*** Records supplied Section Begins ***

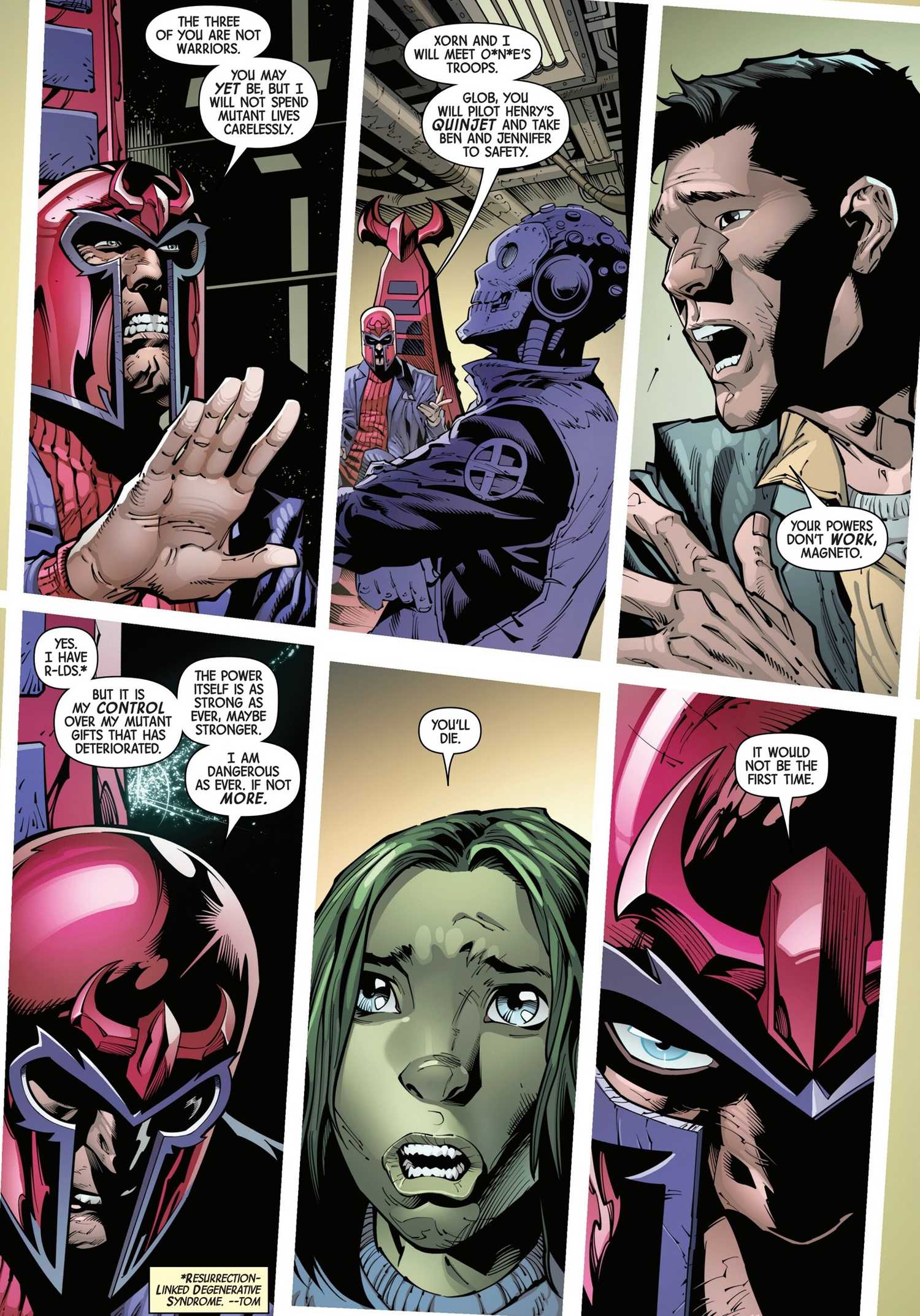 Aunque Magneto sufre de R-LDS, enviando sus poderes en espiral fuera de control, se niega a “llamar a otros para que peleen [his] guerra“ El momento ofreció un vistazo a su proceso de pensamiento y demostró que Magneto enfrentaría su magnetismo incontrolado contra O*N*E*en lugar de cumplir con la alianza Cyclops simplemente forjado.
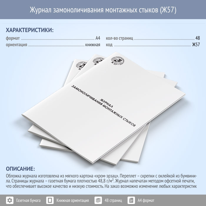 Журнал замоноличивания монтажных стыков (48 стр., Ж57) в Верее купить
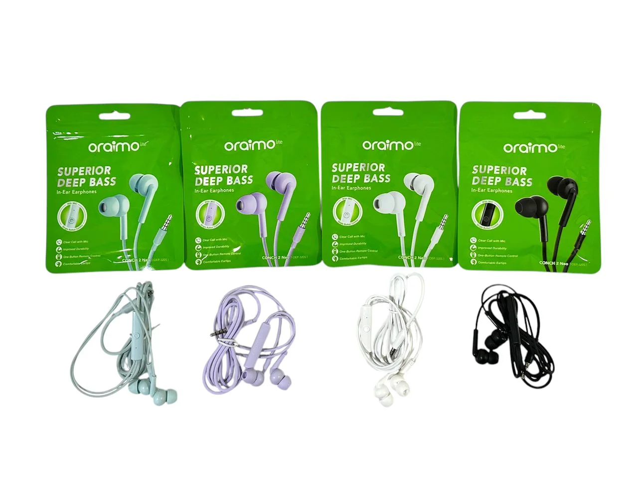 The Oraimo OEP-320S (Conch 2 Neo) are 3.5mm wired earphones featuring 10mm drivers for deep bass, a comfortable half-in-ear design, an in-line mic for clear calls, and a 1.2m cable, with specs like 16Ω impedance, 20-20000Hz frequency response, and 95±3dB sensitivity, suitable for mobile devices.
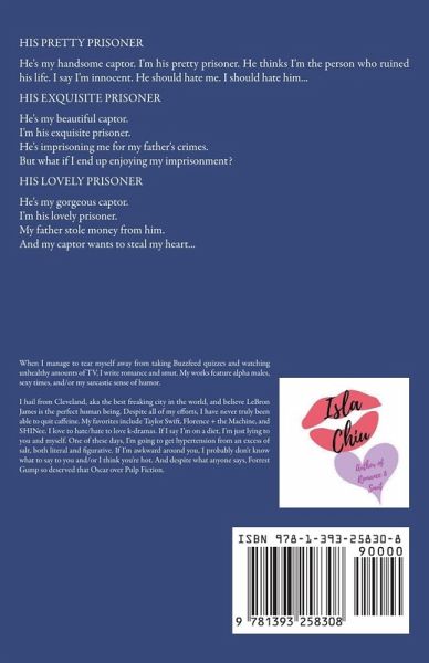 HIS PRETTY PRISONER He's my handsome captor. I'm his pretty prisoner. He thinks I'm the person who ruined his life. I say I'm innocent. He should hate me. I should hate him... Excerpt: A few hours later, I wake up to Kevin saying, "Hello, sleeping beauty." Oh s**t, he's already back? I remember his words: "I'll be back around 5 PM. At that time, I expect to find you waiting for me on the bed without any clothes on." Gulping, I ask, "What time is it?" "Well after 5. And you're neither on the bed nor naked." His voice is calm, but I know he's not going to let my disobedience slide, even if it was unintentional. I shiver. "Are you going to punish me?" He pulls at my camisole. "What do you think?" he asks in a deceptively gentle voice. WORD COUNT: 9,500 HIS EXQUISITE PRISONER He's my beautiful captor. I'm his exquisite prisoner. He's imprisoning me for my father's crimes. But what if I end up enjoying my imprisonment? WORD COUNT: 9,600 EXCERPT: "You are the most exquisite thing that I've ever seen," Hayden says. "But you intrigued me in other ways." I laugh humorlessly. "Well, as long as you kidnapped me for non-shallow reasons..." "If your father becomes distressed about your disappearance-" "He won't." Ignoring me, he finishes, "That's just a sweet bonus." "God, you're a psycho." And to think I sort of enjoyed his company last night. He sits on the bed, then puts me on his lap. My body burns as he pulls off the sheets and he stares at my bare body. "Are you going to force yourself on me?" I ask. I wish I was a cool action movie heroine who could fashion a deadly weapon out of something in this room. But I'm only me, a weak, stupid girl who has no hope of fighting him off. "I'm going to have you enjoy yourself," he breathes into my ear. HIS LOVELY PRISONER He's my gorgeous captor. I'm his lovely prisoner. My father stole money from him. And my captor wants to steal my heart... WORD COUNT: 9,200
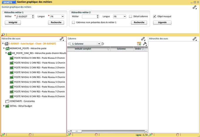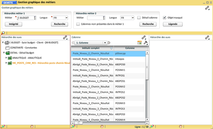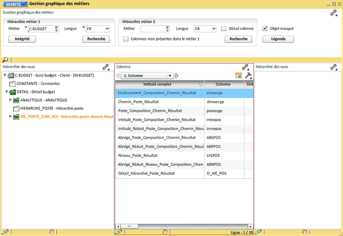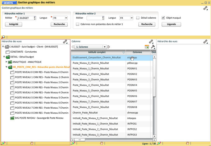 Il est possible de ne pas conserver les 9 niveaux (de 0 à 8) dans des vues séparées, comme pour les hiérarchies de CGR, nous allons déplacer toutes les colonnes restant dans la vue "Hiérarchie poste chemin Résultat". Nous utilisons à nouveau la transaction de "Modification des colonnes de métier" ( ouverte en synchro du bloc colonne et épinglée) :
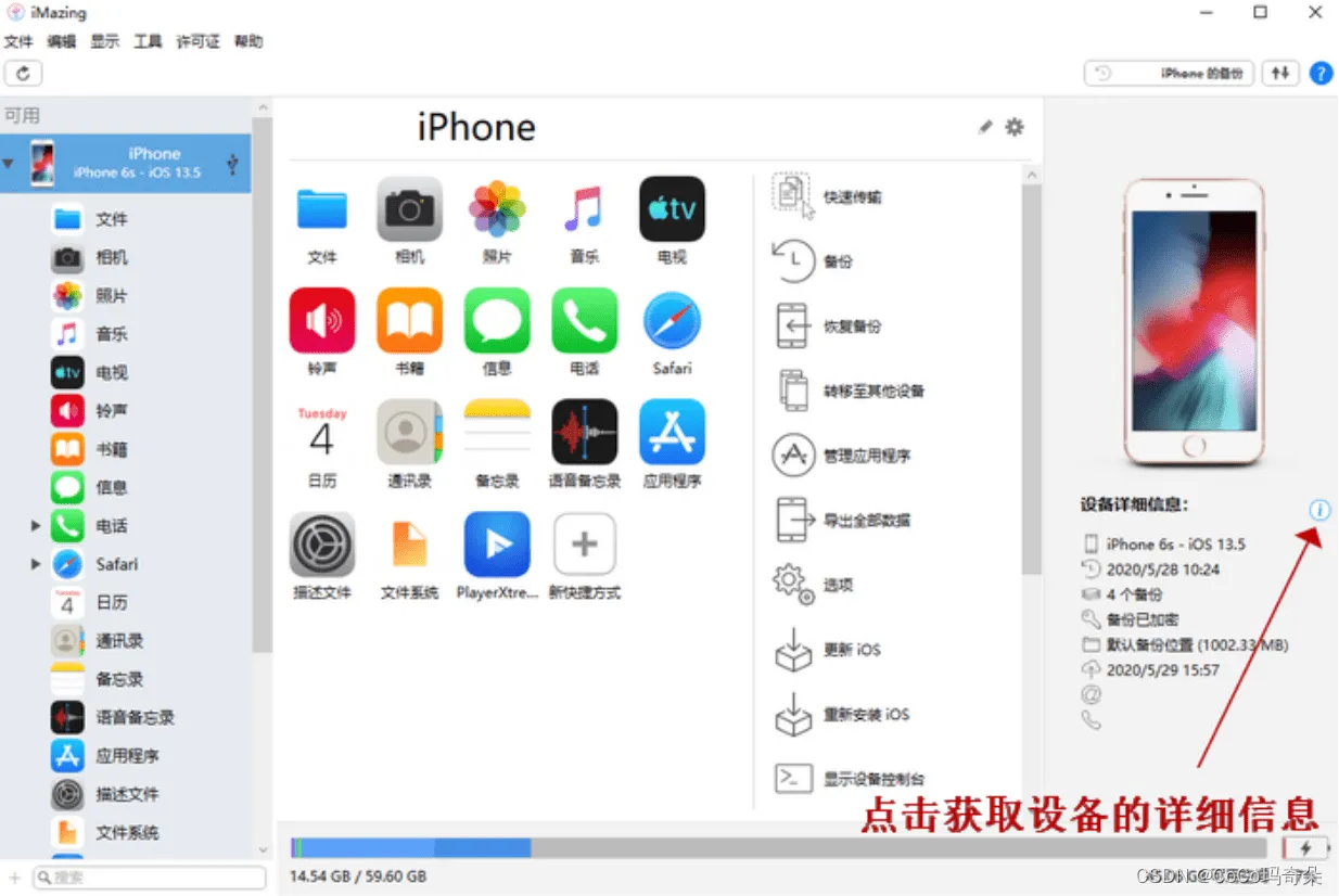 iMazing的界面分为上方菜单栏、左侧连接设备栏、中间的应用栏和功能栏,右侧的显示设备详细信息栏。而且整个界面图标较突出,可以帮助用户快速理解整个界面的功能。
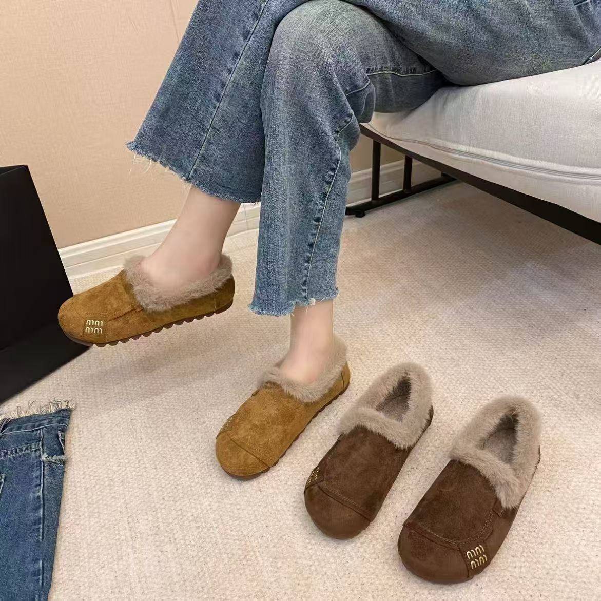 35-43 大码女鞋41宽脚肥脚一脚蹬加绒豆豆鞋加厚棉鞋保暖勃肯鞋42
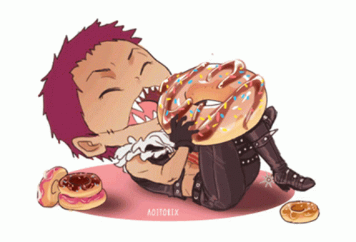 Descripción del contenido: a cartoon drawing of a person eating a donut with the name aoitorix below it

*** Records supplied Section Ends ***

• To do
In the material above, the stretch from the line with "Il est possible" through the line with "35-43 大码女鞋41宽脚肥脚一脚蹬加绒豆豆鞋加厚棉鞋保暖勃肯鞋42" is to be given again exactly, minus the pictures.

• Solution for this task
 Il est possible de ne pas conserver les 9 niveaux (de 0 à 8) dans des vues séparées, comme pour les hiérarchies de CGR, nous allons déplacer toutes les colonnes restant dans la vue "Hiérarchie poste chemin Résultat". Nous utilisons à nouveau la transaction de "Modification des colonnes de métier" ( ouverte en synchro du bloc colonne et épinglée) :
 iMazing的界面分为上方菜单栏、左侧连接设备栏、中间的应用栏和功能栏,右侧的显示设备详细信息栏。而且整个界面图标较突出,可以帮助用户快速理解整个界面的功能。
 35-43 大码女鞋41宽脚肥脚一脚蹬加绒豆豆鞋加厚棉鞋保暖勃肯鞋42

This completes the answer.